Thursday, February 26, 2009

Summer Language Exchange and Accompaniment

Originally, when I was thinking through my learning objectives for students when traveling to Spanish-speaking regions of the world, I wanted their experience to be more meaningful than your run-of-the-mill museum/castle-visiting-tour. I wanted to bring students to regions of the world that starkly contrasted with theirs and to make a central component of these experiences socially-conscious travel. With trips to Chiapas, Mexico in February of 2008 through Witness for Peace, and a more recent trip to Nicaragua last November through Global Exchange, I was able to accomplish a great deal of what I had hoped for as students were challenged to engage in economic, political, social and cultural issues. However, even as I found that what I was doing with students was unique among most high school experiences, I realized I wanted to go beyond this level of challenge for students engaged in the act of learning.

These two delegations of students to Chiapas and Nicaragua were amazing experiences for the students and me. It is evident in their successful community presentations around Missoula in schools, churches and the University of Montana, that they learned a great deal about the economics, politics, history and culture of Latin America. Two of the students who participated on these delegations are newly inaugurated board members with CAJA!

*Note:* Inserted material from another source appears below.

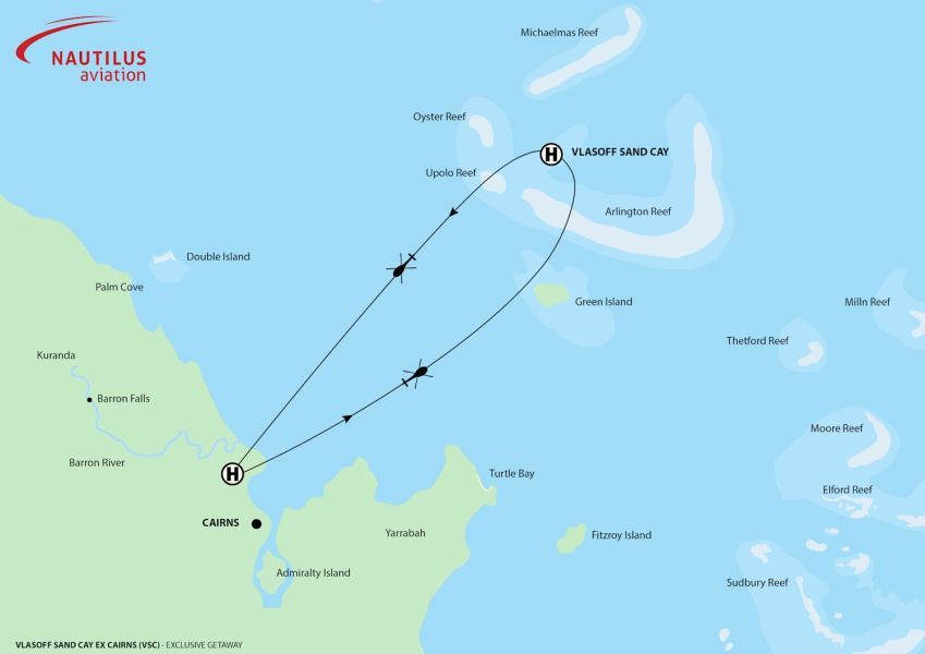 - Vlasoff Cay is a public sand cay and as such can not be reserved. On the rare occasion it is occupied on our arrival we will not be permitted to land. If this occurs passengers will receive an extended reef scenic flight back to the Pier Heliport (total flying time 45 mins including initial 20 mins from Cairns to Vlasoff Cay). Passengers will be able to keep their picnic lunch and our reservations team will advise and assist with any refunds applicable.

However, I believe there exists another level of learning and participation for us that goes beyond the experiences Global Exchange and Witness for Peace can provide. One of my goals is to critique the idea that travel experiences, even “socially-conscious” ones, should be viewed by the participants as a product to be consumed. Secondly, both Global Exchange and Witness for Peace presented our delegations to the communities of Nicaragua and Chiapas as consumers, albeit “fair” consumers learning about the advantages of Fair Trade over Free Trade. In both cases, we gave our money and in return we received an “experience” (i.e. a product) to “witness” firsthand the effects of global economics, U.S. foreign policy, etc. In return, we committed to telling our/their story upon return, which included a plea to our consumer society to buy Fair Trade.

From June 19-July12, 2009, I will be co-leading a group of 10 Montanans (5 graduating seniors, 3 returning seniors, 1 graduating U. of Montana student and my twin-sister who will be graduating from Carroll College in May) to Chiapas, Mexico for the first-ever Summer Language Exchange in the Zapatista community of Oventic, Chiapas, Mexico. Big Sky High School senior, Gabriel Doherty, will be co-leading this group as he approached me four months ago offering to make his co-direction his high school Senior Project.

It is my contention, that while this kind of travel is certainly valuable, it is through the act of accompaniment that learning goes beyond the intellectual absorption of ideas (including “walking a mile in another’s shoes”). Accompaniment, instead, embodies the concept of mutual aid. In this case, the students and the Zapatistas are pushed to stay open to divergent ideas and accompany each other as they work through the real lived history of their respective moments in time. The Zapatista language school does not provide a structure for learning, but instead expects learning to be self-generated (an aspect of their school that has frustrated misinformed revolutionary travelers). Again, their expectation is that if one is going to learn, they need to begin by asking what it is they want to learn, and no one will be there to prod one to ask.

The language school in Oventic offers Spanish and Tzotzil. I will be studying Tzotzil and the students will study Spanish. Our daily lessons consist of only a couple of hours of morning grammar and an hour of afternoon activity, while the biggest challenge provided in Oventic, as many who have gone through this experience claim, is figuring out what to do with oneself for the rest of each day. The Zapatistas are inviting us to generate for ourselves what we will learn. At the same time, our presence in their community for the three weeks provides much needed accompaniment, as U.S. military aid has resulted in the increased militarization of Mexico in general and Chiapas in particular. Moreover, we must also recognize that it is we, U.S. Americans, who could benefit a great deal from the accompaniment of Zapatistas; having their support as we face our own struggle for justice at home in the U.S. Instead of reinscribing the global economic order by using our economic privileges to consume one more product (even if those products are “greener and fairer”) we must, as is the mission of CAJA, “seek to fundamentally alter the unfair distribution of wealth, power and resources.” Accompaniment transcends the deficiency of consuming our way out of our current predicaments by doing our transformation. “We need to walk together. We need to do history together. We need to journey side by side, confronting whatever comes” (Staughton Lynd, Wobblies and Zapatistas).